A recently circulated video of federal ICE agents pulling their unmarked vehicle into our Santa Barbara Police Department facility, where they were granted permission to store it temporarily, stands to undermine the public trust in our police department’s stated commitment to focus on local policing as opposed to supporting ICE operations. While our department has been vocal in its commitment to maintaining community trust by remaining independent of federal immigration operations, this incident involving the storage of federal evidence at the local police facility, raises questions about where exactly the line must be drawn, between the federal operation and SBPD, to ensure the public’s trust is not compromised on such matters.
According to news reports, ICE agents conducted an operation in our city without prior notification to local authorities. After apprehending an individual for allegedly vandalizing a federal vehicle, the agents drove that vehicle, on a flat tire, to our local police station. Our department subsequently granted these federal agents access to a secure, gated parking lot to store the vehicle and monitored the transfer of the person the ICE agents apprehended between federal vehicle units.
While this chain of events appears to result in a departure from SBPD’s previous stance on remaining independent of ICE operations, from a law enforcement standpoint, it also highlights a number of procedural irregularities:
Jurisdictional Responsibility: Because the alleged incident was a federal offense involving federal property, ICE agents acting as the arresting agency were operating under their own jurisdictional authority, and therefore maintain the responsibility to secure their own evidence and manage the logistics associated with their operations. I hear they have a decent budget for this.
Integrity of the Scene: Standard forensic protocol dictates that a vehicle involved in an incident or potential alleged crime should be secured in place to preserve the chain of custody and physical evidence. By ICE agents driving the vehicle on a flat tire to a local police station, the evidence was effectively compromised likely before a thorough investigation could be conducted. Best practices suggest the ICE agents should have cordoned off the area with tape and later utilized federal or a fed-contracted towing service to a federal facility.
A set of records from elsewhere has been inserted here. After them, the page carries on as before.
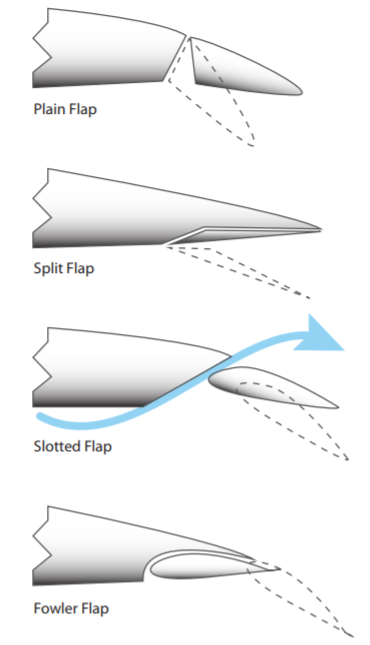 Different air flows shown through different flaps
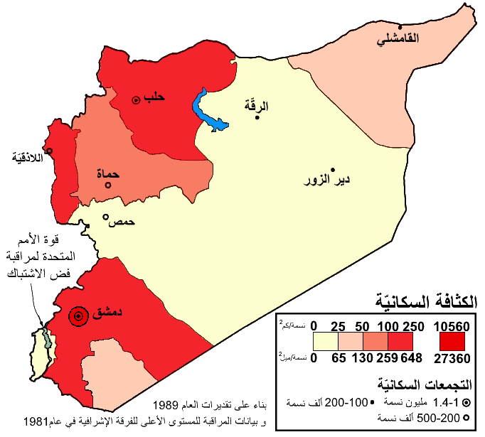 Syria - Population Density from the CIA Atlas of the Middle East 1993
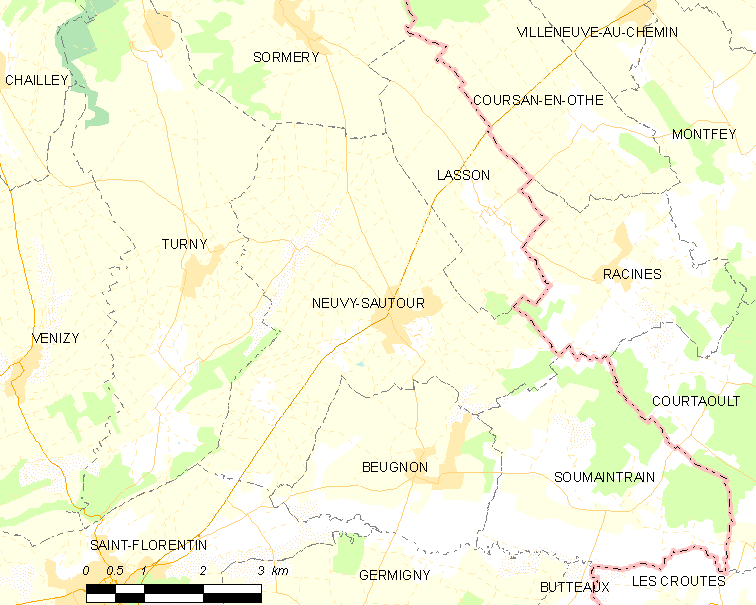 Map of French municipality Neuvy-Sautour
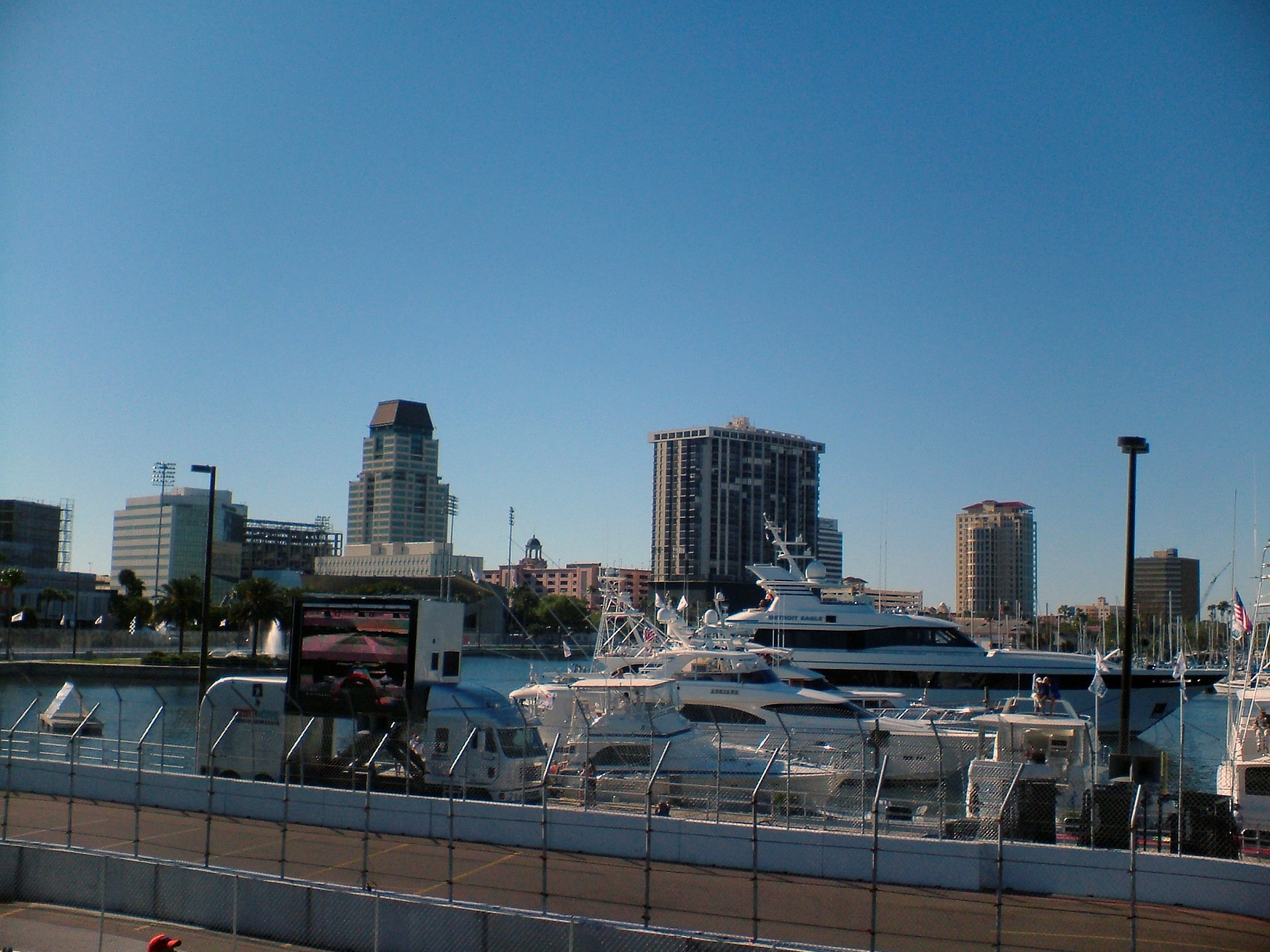 Downtown St. Petersburg, Florida during the 2005 Grand Prix of St. Petersburg. Shot from Albert Whitted Airport waterfront.
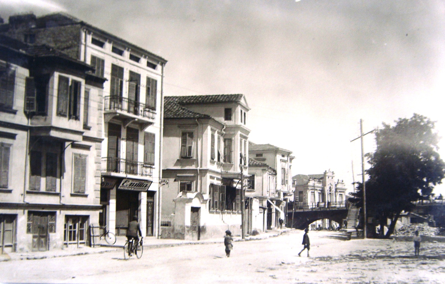 Historical images of Skopje: Part of Skopje, near the Stone Bridge. This media file is produced by Wikipedian in Residence in Category:Wikipedian in Residence at DARM in 2016.
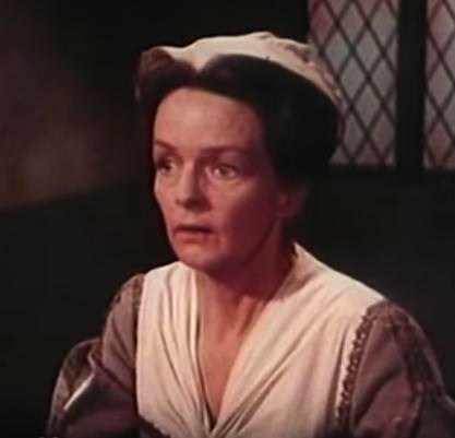 Meg Wyllie in Beauty and the Beast - trailer (cropped screenshot)
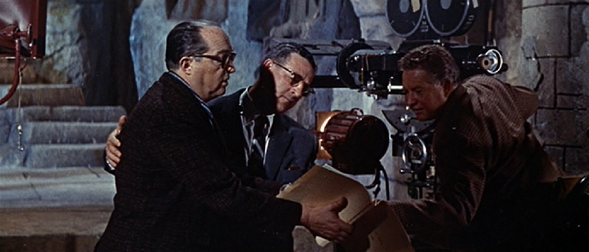 From left to right: director Henry Koster, producer Samuel G. Engel, and cameraman Arthur E. Arling on the set of the film The Story of Ruth.
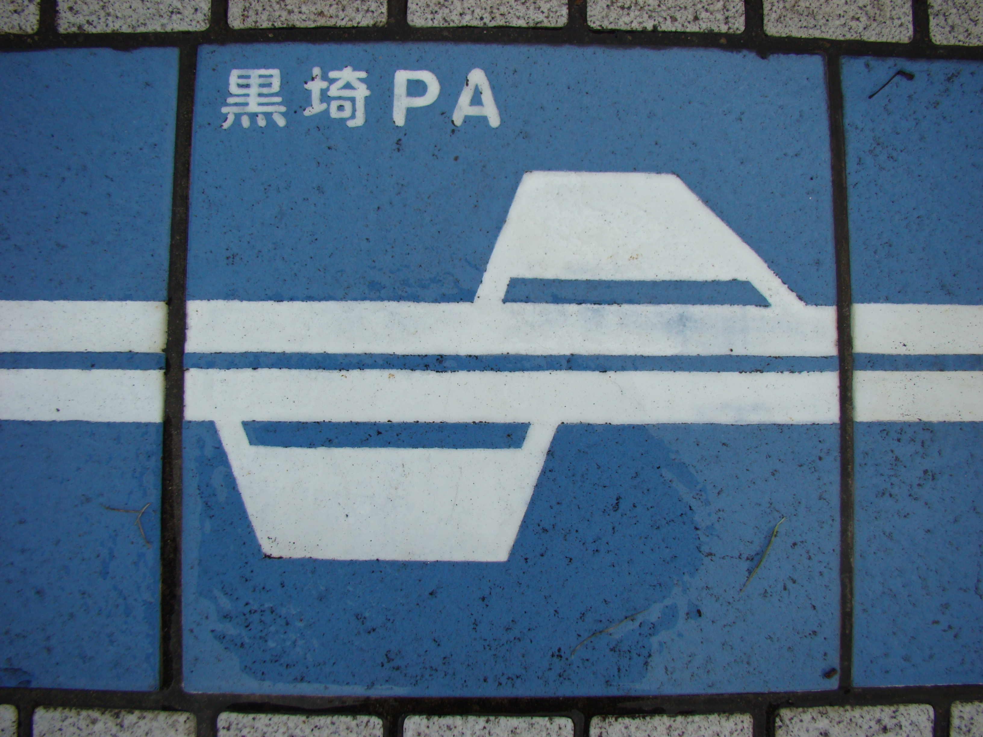 Tile which shows the shape of Kurosaki Parking Area on the Hokuriku Expressway, installed at Nadachi Tanihama Service Area in Chayagahara, Joetsu City, Niigata Prefecture, Japan
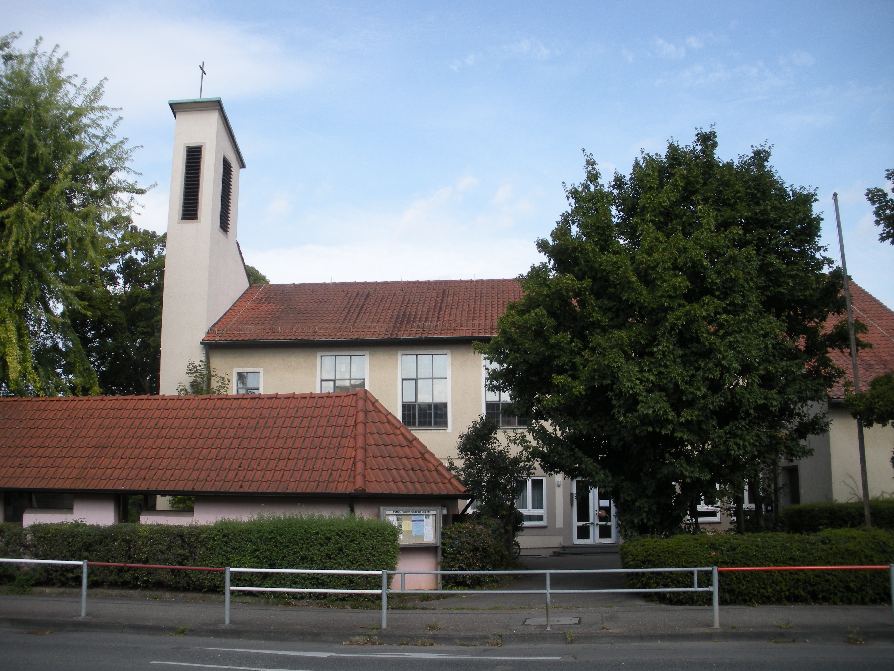 Protestant Church of Christ in Stuttgart-Hofen
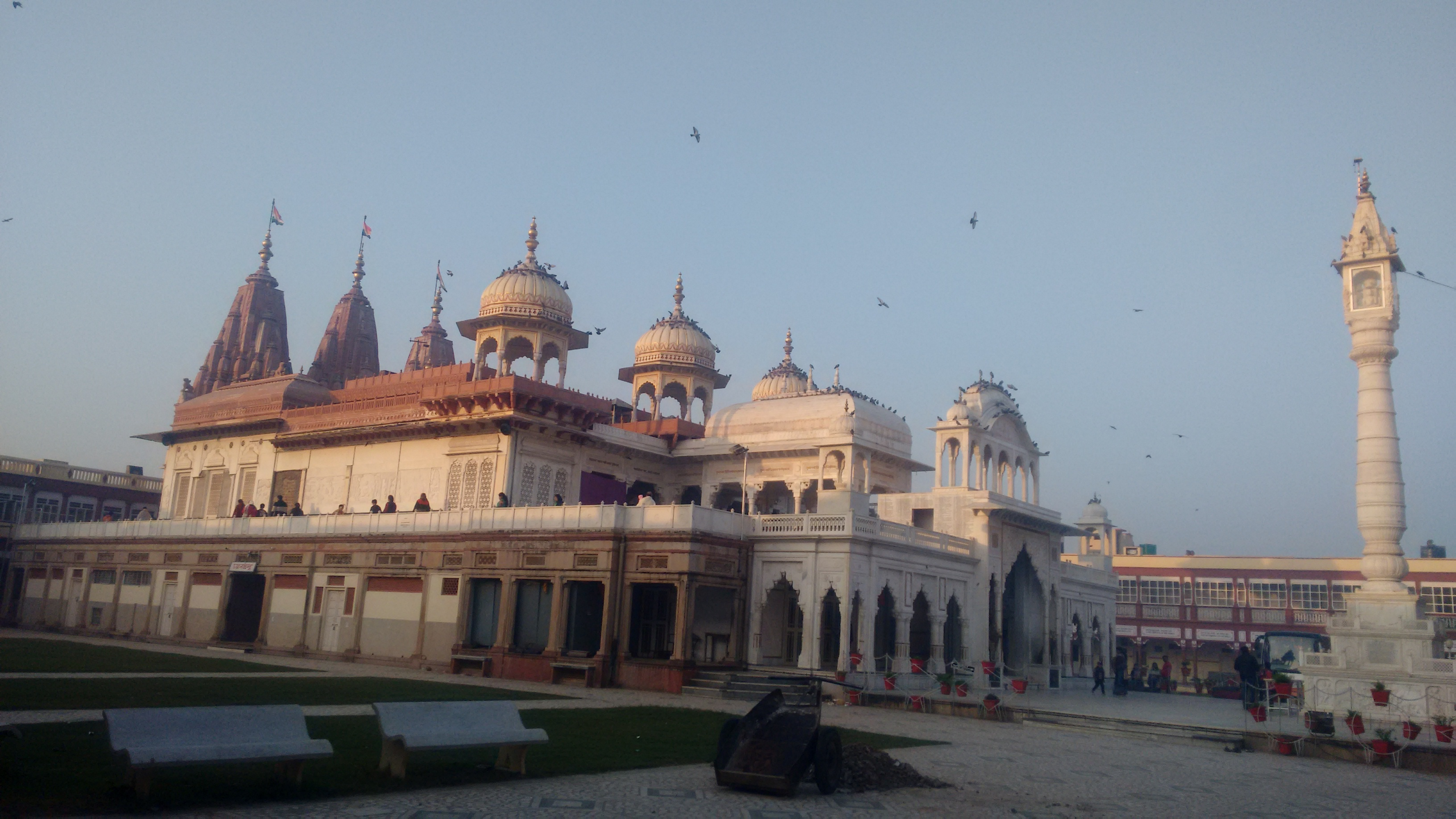 Left view of Main Temple in Shri Mahavirji Jain Temple
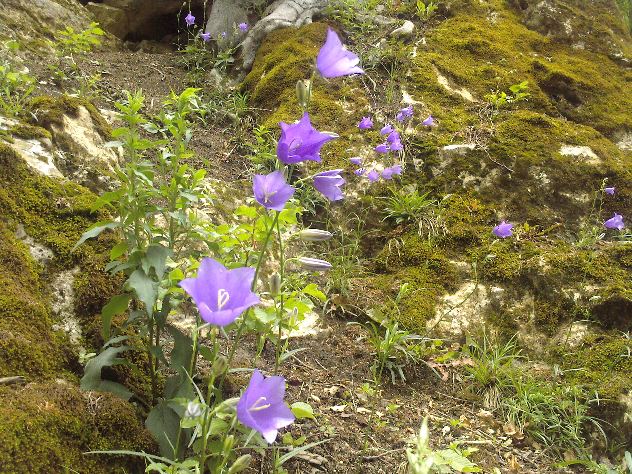 Campanula carpatica (Carpathian harebell, tussock bellflower) in Piatra Mare

Resource Allocation as “Support”: By providing a secure, taxpayer-funded facility to store federal evidence, our local department provided a level of logistical support that contradicts its public stance of non-collusion. While admittedly a delicate situation, the privilege afforded to the ICE agents with respect to providing a facility for securing their own vehicle, went beyond “maintaining the peace” and protecting our local citizenry. It was a logistical favor that entangled local resources in a federal operation. As the kids would say, the police were “DTM,” you know, just clearly “doing too much” as it were.

The community’s outrage, also witnessed on video captured at the scene, is not merely emotional; it is based on a desire for the transparency and independence our leaders promised. When local police facilitate the logistics of federal agencies that have bypassed local notification protocols, it creates a “de facto” partnership that erodes the very trust the department seeks to build.
I am not writing from the perspective of a critic of the police in general — my brother is a retired officer — nor of our police department specifically, quite the opposite in fact. Chief Gordon and the whole department have much to be proud of in our city, and I feel fortunate to have her at the helm along with all of the brave officers who endeavor to keep the peace in our community and be there when we need them most. This is about a specific incident, and perhaps the growing nuances between federal and local law enforcement jurisdictional and moral authority that require agencies to navigate these waters with the utmost care and diligence in order to protect the public — and the public trust.
I appreciate our police department’s stated intention to focus solely on local safety and the protection of all residents, but what was witnessed on video, widely shared and reported on, is a scene in which our local officers appear to have been conscripted into facilitating activities related to an ICE operation involving a federal vehicle and an alleged federal incident. The SBPD officers in the field, which in this case meant right out in front of the police department, conducted themselves with remarkable composure in the face of extremely vocal critics hurling insults and offensive language at them. However, they might have been spared enduring this barrage entirely if they hadn’t involved themselves in ICE’s “flat-tire-gate” matter to begin with. True, ICE came to them … literally, out front. But, when they came, the officers did not turn them back; instead they opened the doors for them, well, the gate anyway.
I believe our own SBPD has the best of intentions; however, for those intentions to remain credible, the department must maintain strict boundaries. In the future, I urge the department to direct federal agencies to manage their own logistical needs and evidence storage. Restoring community trust requires an unwavering commitment to our own community first, and with that, an adherence to the policy of non-interference, ensuring that local resources are never used as a convenience for federal operations.